WHAT YOU ARE ASKED TO DO
Working from the records below, repeat exactly the lines starting at the line that contains "(Přiznávám se zde" and ending at the line that contains "zu 5 Seiten", inclusive.

EXERCISE MATERIALS
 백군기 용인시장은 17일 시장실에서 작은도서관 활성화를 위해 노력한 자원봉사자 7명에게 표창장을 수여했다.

==

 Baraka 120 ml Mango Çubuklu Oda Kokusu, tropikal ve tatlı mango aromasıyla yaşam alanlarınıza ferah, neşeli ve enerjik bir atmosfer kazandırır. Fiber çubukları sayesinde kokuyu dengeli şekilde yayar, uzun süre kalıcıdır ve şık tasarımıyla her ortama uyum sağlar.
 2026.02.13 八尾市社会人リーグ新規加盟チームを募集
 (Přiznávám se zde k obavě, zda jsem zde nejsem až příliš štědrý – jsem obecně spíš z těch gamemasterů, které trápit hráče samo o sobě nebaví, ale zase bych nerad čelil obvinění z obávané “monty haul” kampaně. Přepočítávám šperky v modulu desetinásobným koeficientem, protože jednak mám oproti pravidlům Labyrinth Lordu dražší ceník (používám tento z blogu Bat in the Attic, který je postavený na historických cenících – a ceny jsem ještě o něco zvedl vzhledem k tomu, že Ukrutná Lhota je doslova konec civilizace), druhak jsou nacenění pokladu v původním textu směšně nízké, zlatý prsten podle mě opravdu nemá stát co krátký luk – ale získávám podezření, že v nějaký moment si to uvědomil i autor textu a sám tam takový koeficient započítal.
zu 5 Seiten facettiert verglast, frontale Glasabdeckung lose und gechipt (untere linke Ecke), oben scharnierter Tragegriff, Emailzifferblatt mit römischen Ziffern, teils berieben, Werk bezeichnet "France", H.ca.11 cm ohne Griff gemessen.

YOUR SOLUTION
 (Přiznávám se zde k obavě, zda jsem zde nejsem až příliš štědrý – jsem obecně spíš z těch gamemasterů, které trápit hráče samo o sobě nebaví, ale zase bych nerad čelil obvinění z obávané “monty haul” kampaně. Přepočítávám šperky v modulu desetinásobným koeficientem, protože jednak mám oproti pravidlům Labyrinth Lordu dražší ceník (používám tento z blogu Bat in the Attic, který je postavený na historických cenících – a ceny jsem ještě o něco zvedl vzhledem k tomu, že Ukrutná Lhota je doslova konec civilizace), druhak jsou nacenění pokladu v původním textu směšně nízké, zlatý prsten podle mě opravdu nemá stát co krátký luk – ale získávám podezření, že v nějaký moment si to uvědomil i autor textu a sám tam takový koeficient započítal.
zu 5 Seiten facettiert verglast, frontale Glasabdeckung lose und gechipt (untere linke Ecke), oben scharnierter Tragegriff, Emailzifferblatt mit römischen Ziffern, teils berieben, Werk bezeichnet "France", H.ca.11 cm ohne Griff gemessen.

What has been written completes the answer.